**Exercise brief:** From the material below, retype exactly the lines that begin at the line with "Картинка в разрешении" and end after the line with "可愛い 猫爪 便利な 指出し"; pictures stay out of the copy.

**Given records:**
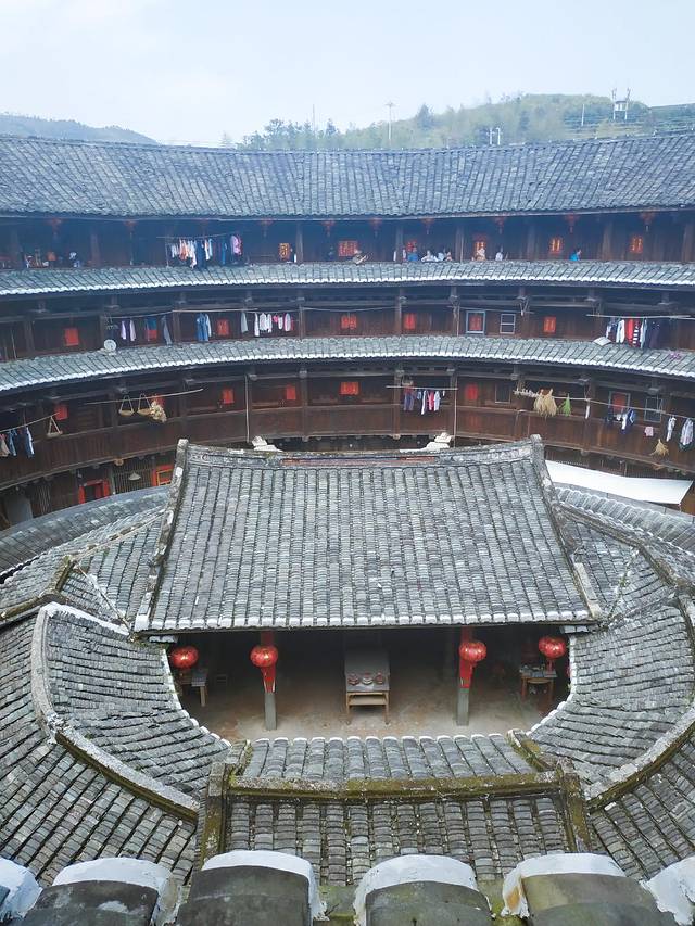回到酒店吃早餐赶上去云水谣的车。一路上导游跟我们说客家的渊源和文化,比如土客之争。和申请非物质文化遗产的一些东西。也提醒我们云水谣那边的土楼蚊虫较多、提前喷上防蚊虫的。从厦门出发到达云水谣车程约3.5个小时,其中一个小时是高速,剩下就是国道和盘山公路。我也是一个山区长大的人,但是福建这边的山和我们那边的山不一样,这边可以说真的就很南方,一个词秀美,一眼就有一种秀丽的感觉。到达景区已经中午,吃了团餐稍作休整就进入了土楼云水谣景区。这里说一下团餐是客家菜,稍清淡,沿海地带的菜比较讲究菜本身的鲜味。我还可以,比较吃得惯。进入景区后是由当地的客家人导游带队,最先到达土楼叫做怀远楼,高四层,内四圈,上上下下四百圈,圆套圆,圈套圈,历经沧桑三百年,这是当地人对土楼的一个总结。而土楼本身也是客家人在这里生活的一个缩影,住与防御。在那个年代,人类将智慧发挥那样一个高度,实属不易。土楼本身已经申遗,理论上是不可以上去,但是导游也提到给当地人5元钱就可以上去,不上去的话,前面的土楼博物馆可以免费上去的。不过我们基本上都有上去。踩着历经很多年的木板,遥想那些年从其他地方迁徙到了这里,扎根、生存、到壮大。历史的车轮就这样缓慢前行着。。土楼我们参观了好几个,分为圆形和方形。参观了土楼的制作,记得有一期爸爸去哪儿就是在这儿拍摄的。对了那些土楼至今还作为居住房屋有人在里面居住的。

--

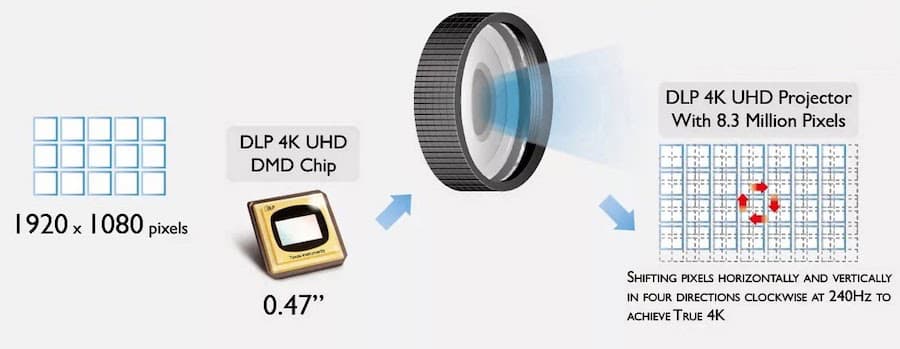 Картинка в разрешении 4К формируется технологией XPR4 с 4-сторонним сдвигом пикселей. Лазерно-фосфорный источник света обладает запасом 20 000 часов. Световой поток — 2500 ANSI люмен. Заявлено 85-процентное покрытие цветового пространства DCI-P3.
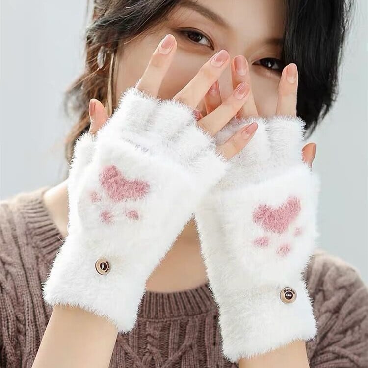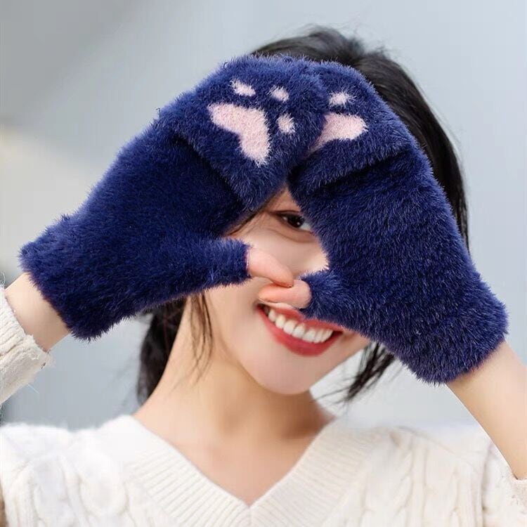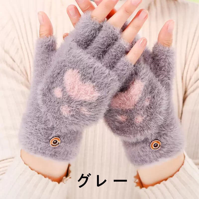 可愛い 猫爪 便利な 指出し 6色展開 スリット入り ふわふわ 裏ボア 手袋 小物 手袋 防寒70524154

...

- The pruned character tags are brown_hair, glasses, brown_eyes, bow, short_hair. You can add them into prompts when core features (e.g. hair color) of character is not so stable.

**Exercise output:**
 Картинка в разрешении 4К формируется технологией XPR4 с 4-сторонним сдвигом пикселей. Лазерно-фосфорный источник света обладает запасом 20 000 часов. Световой поток — 2500 ANSI люмен. Заявлено 85-процентное покрытие цветового пространства DCI-P3.
 可愛い 猫爪 便利な 指出し 6色展開 スリット入り ふわふわ 裏ボア 手袋 小物 手袋 防寒70524154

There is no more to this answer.